BSP hikes banks’ discount loans

THE BANGKO Sentral ng Pilipinas has increased the interest rate it charges banks that avail of discount loans. The new rate took effect on May 9.

The interest rate on discount loans increased by 25 basis points, or from 4.25 percent to 4.5 percent on all maturities, the BSP said.

The increase in the discount rate came about after the BSP raised its overnight borrowing rate by 25 basis points, or from 4.25 to 4.50 percent.

The BSP has been pegging the discount rate to the interest rate it charges banks for overnight deposits.

The BSP offers discount loans to help banks in their lending operations.

The discount loans are backed by a borrowing bank’s receivables, which serve as collateral.

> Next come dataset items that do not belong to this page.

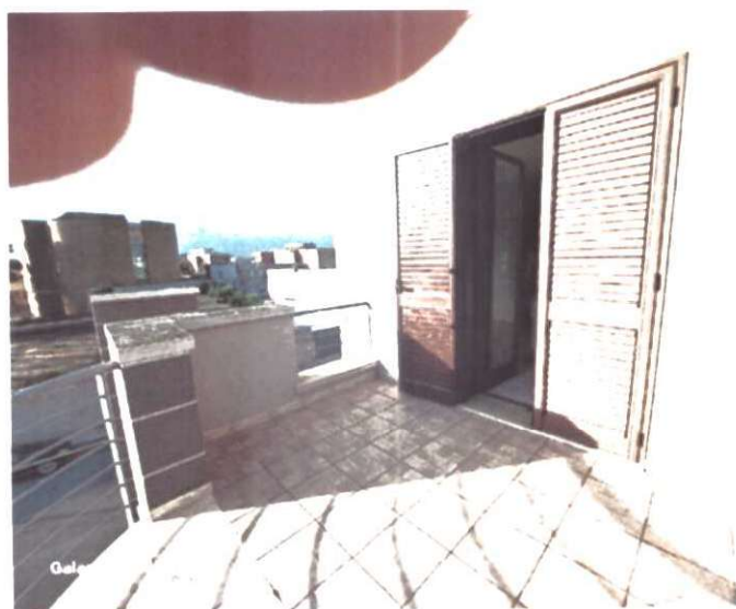
FOTO 16 Balcone al Piano Secondo
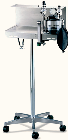
Matrix VMS™ Plus
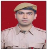
ANANDU V DNH Spinners Ltd
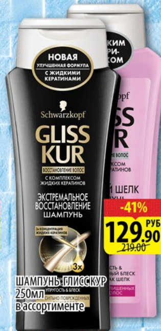
ШАМПУНЬ ГЛИССКУР 250мл в ассортименте
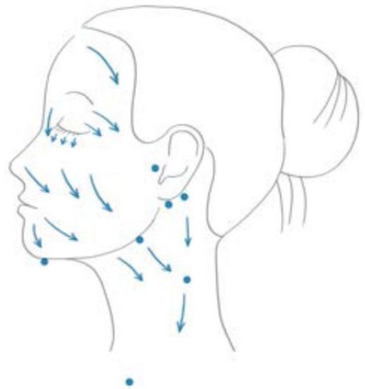
Grafik/Illustration: Mascha Greune, München
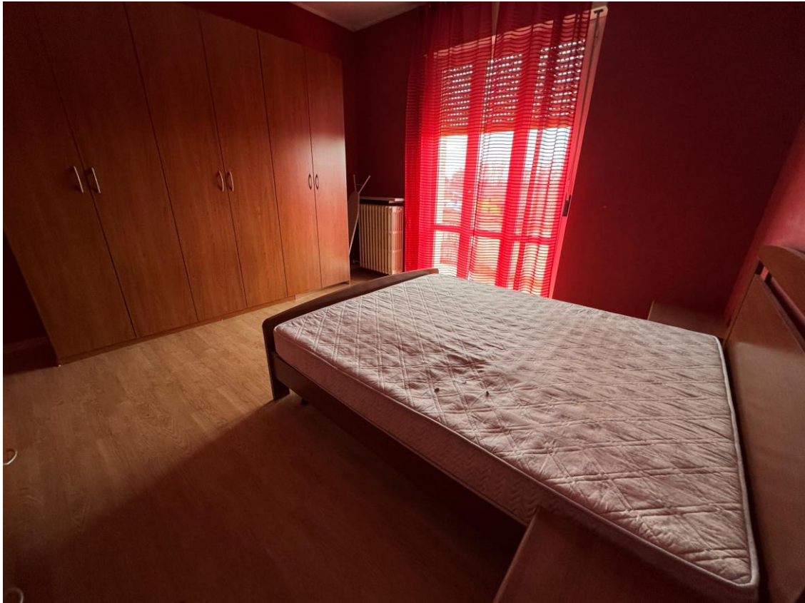
Foto 11. Camera 1
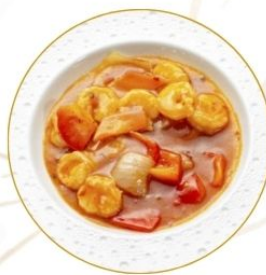
190. GAMBERI* IN AGRODOLCE fritti con verdure €7
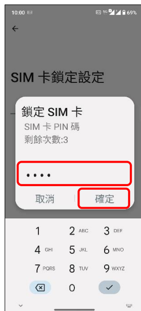
6.輸入 SIM 卡 PIN 碼 →確定
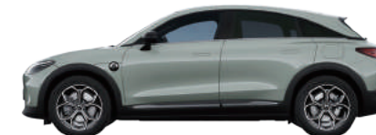
Future Green Metallic
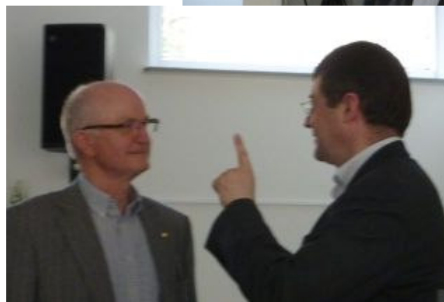
Det hænger nu altså sådan sammen...
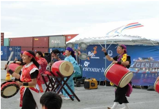
4月4日 那覇港における歓迎の様子
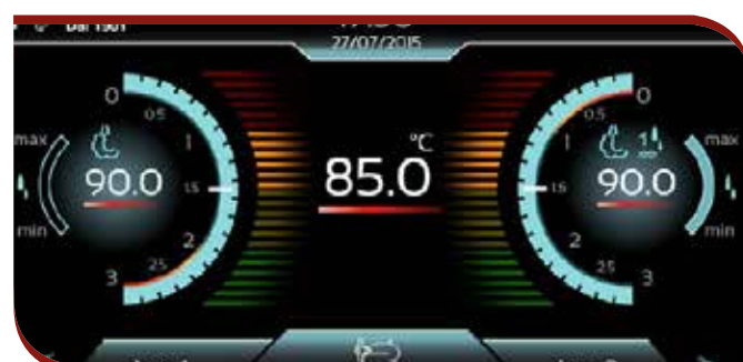
Double boiler control home page
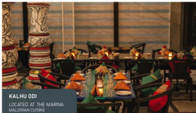
KALHU ODI LOCATED AT THE MARINA MALDIVIAN CUISINE

The amount of loans granted by the BSP is a discounted value of a bank’s collateral.

Last week, the BSP raised its overnight borrowing rate—the key policy rate that influences commercial interest rates—by 25 basis points, from 4.25 to 4.5 percent.

It was the second time the BSP raised the overnight borrowing rate this year. The first was in March, when the BSP implemented a similar 25-basis-point rate hike.

The rate increase was meant to temper the rate of rise in consumer prices, which has been accelerating on the back of rising global oil prices and growing consumer demand.

Higher interest rates are expected to ease demand for bank loans, thus slowing down credit-backed consumption and demand.

Higher rates are likewise meant to encourage bank savings, tempering the growth in cash that may be used for consumption.

In April, inflation stood at 4.5 percent, the fastest in 12 months.

As a result, inflation in the first four months averaged at 4.2 percent, still within the full-year ceiling of 3 to 5 percent but already faster than that of last year.

Monetary officials said that without the interest rate hikes implemented this year, inflation for the full year would have breached the 5-percent target ceiling.

Fuel prices in the world market has been rising due to the political tension in some oil-producing countries in North Africa and the Middle East.

Developments overseas have adversely affected countries that depend on imported oil.

The Philippines sources over 90 percent of its fuel requirements abroad, although it has other sources of energy.

Also, rising demand due to the economy’s expansion has been putting pressure on prices.

Consumer demand is expected to rise some more because of the increase in workers’ compensation.

According to the BSP, higher interest rates may ease inflation, but it will not substantially dampen the economy’s growth.